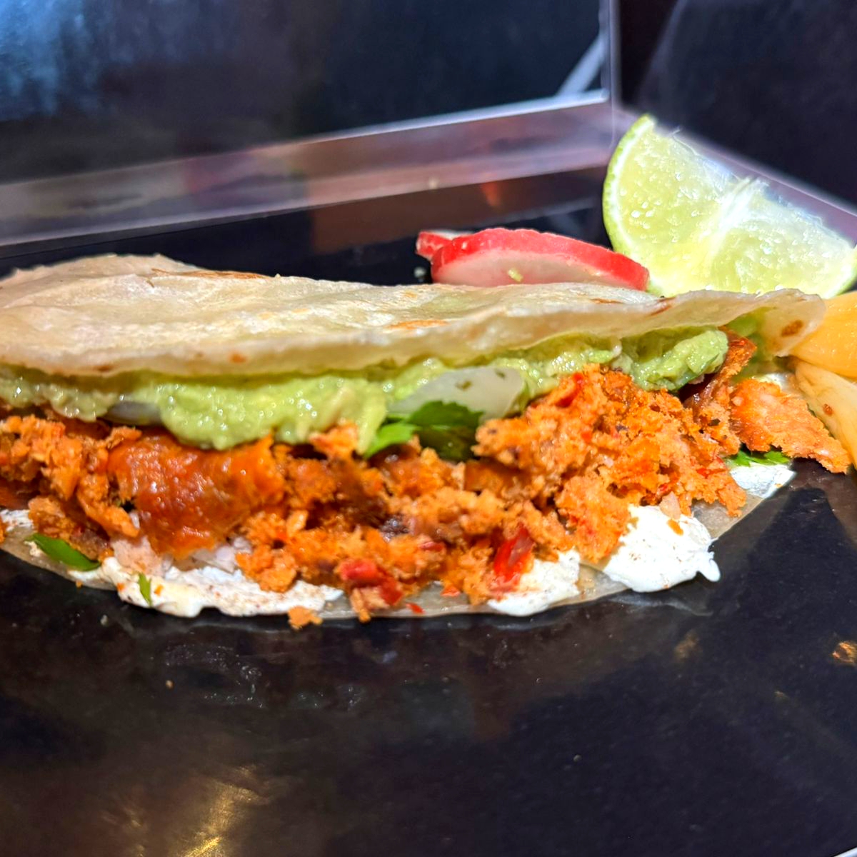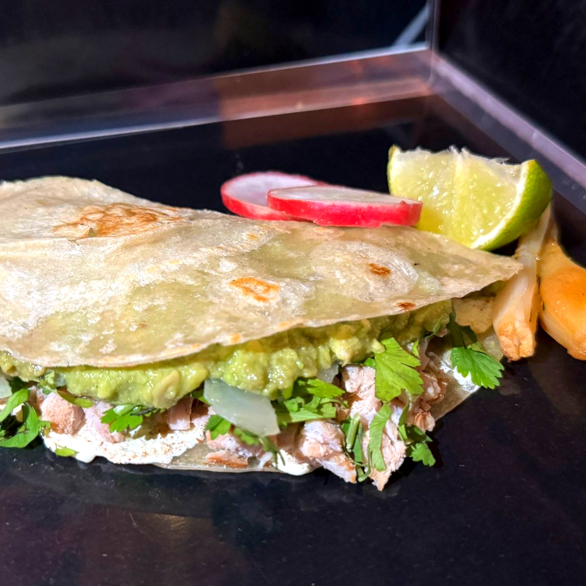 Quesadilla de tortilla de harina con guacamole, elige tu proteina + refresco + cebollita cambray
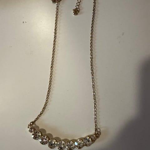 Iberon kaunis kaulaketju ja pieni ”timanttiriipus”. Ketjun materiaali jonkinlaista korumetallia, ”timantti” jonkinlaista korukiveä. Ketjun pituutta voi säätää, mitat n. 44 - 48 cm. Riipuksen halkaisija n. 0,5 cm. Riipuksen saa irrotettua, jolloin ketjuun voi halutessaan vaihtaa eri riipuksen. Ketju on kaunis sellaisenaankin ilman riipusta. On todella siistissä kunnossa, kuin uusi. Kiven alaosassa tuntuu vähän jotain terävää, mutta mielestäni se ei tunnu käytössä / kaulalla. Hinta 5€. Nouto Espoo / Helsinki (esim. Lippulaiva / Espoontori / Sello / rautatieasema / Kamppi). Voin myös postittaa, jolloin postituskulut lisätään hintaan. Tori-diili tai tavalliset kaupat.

---

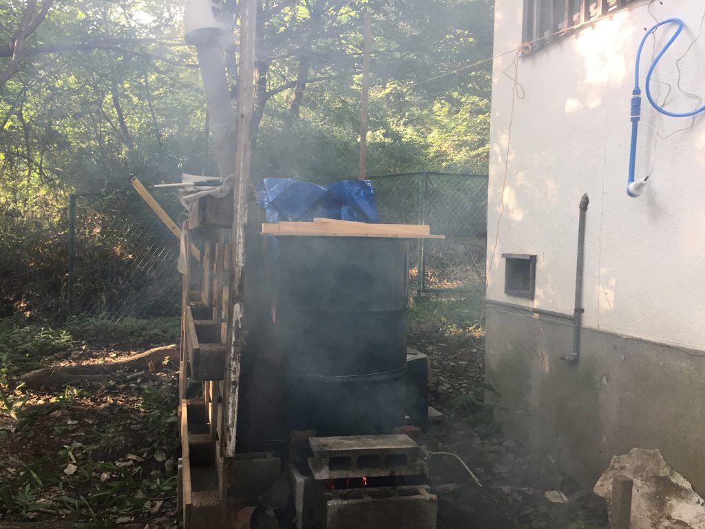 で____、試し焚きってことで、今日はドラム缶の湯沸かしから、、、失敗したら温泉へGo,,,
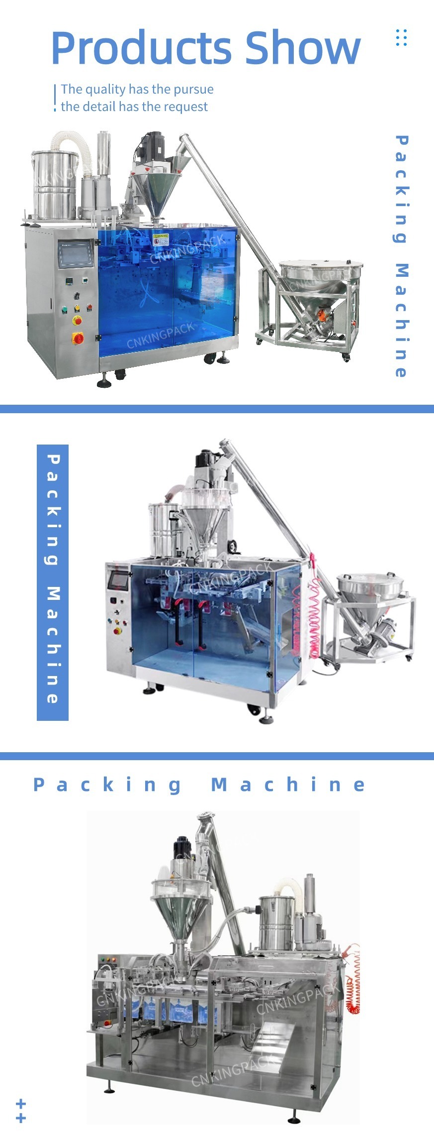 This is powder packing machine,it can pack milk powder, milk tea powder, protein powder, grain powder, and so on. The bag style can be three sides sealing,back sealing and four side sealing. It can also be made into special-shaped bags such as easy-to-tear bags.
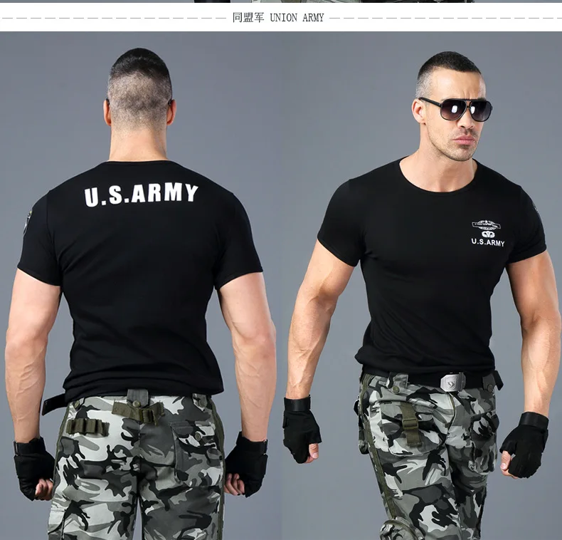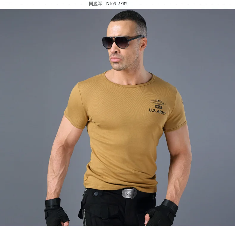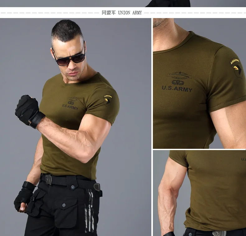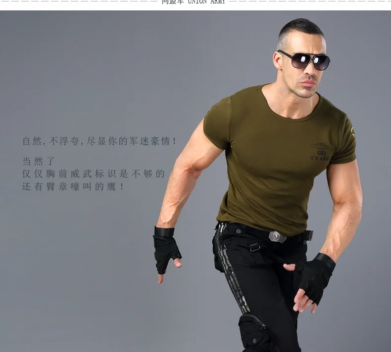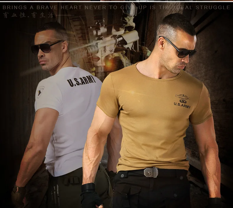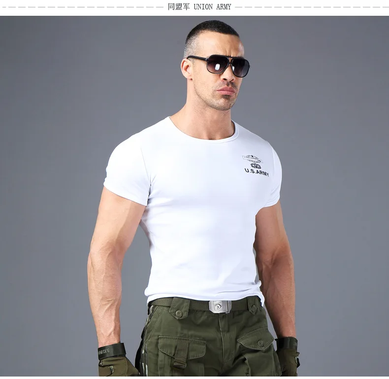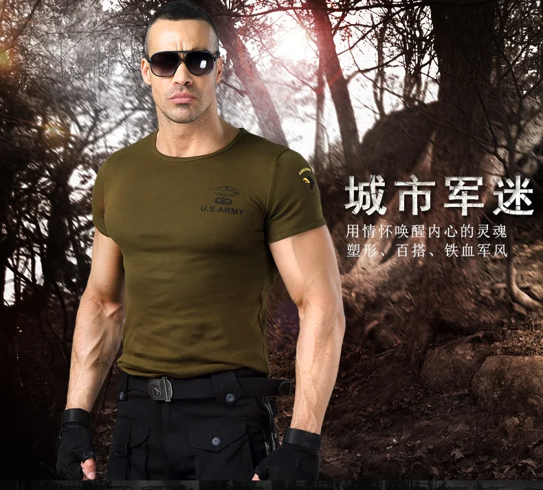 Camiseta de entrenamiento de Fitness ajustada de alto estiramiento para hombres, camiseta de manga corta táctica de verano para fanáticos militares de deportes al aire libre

■ **The task**:
Copy the lines above between the one holding "This is powder" and the one holding "Camiseta de entrenamiento", inclusive. Drop the pictures.

■ **Task answer**:
 This is powder packing machine,it can pack milk powder, milk tea powder, protein powder, grain powder, and so on. The bag style can be three sides sealing,back sealing and four side sealing. It can also be made into special-shaped bags such as easy-to-tear bags.
 Camiseta de entrenamiento de Fitness ajustada de alto estiramiento para hombres, camiseta de manga corta táctica de verano para fanáticos militares de deportes al aire libre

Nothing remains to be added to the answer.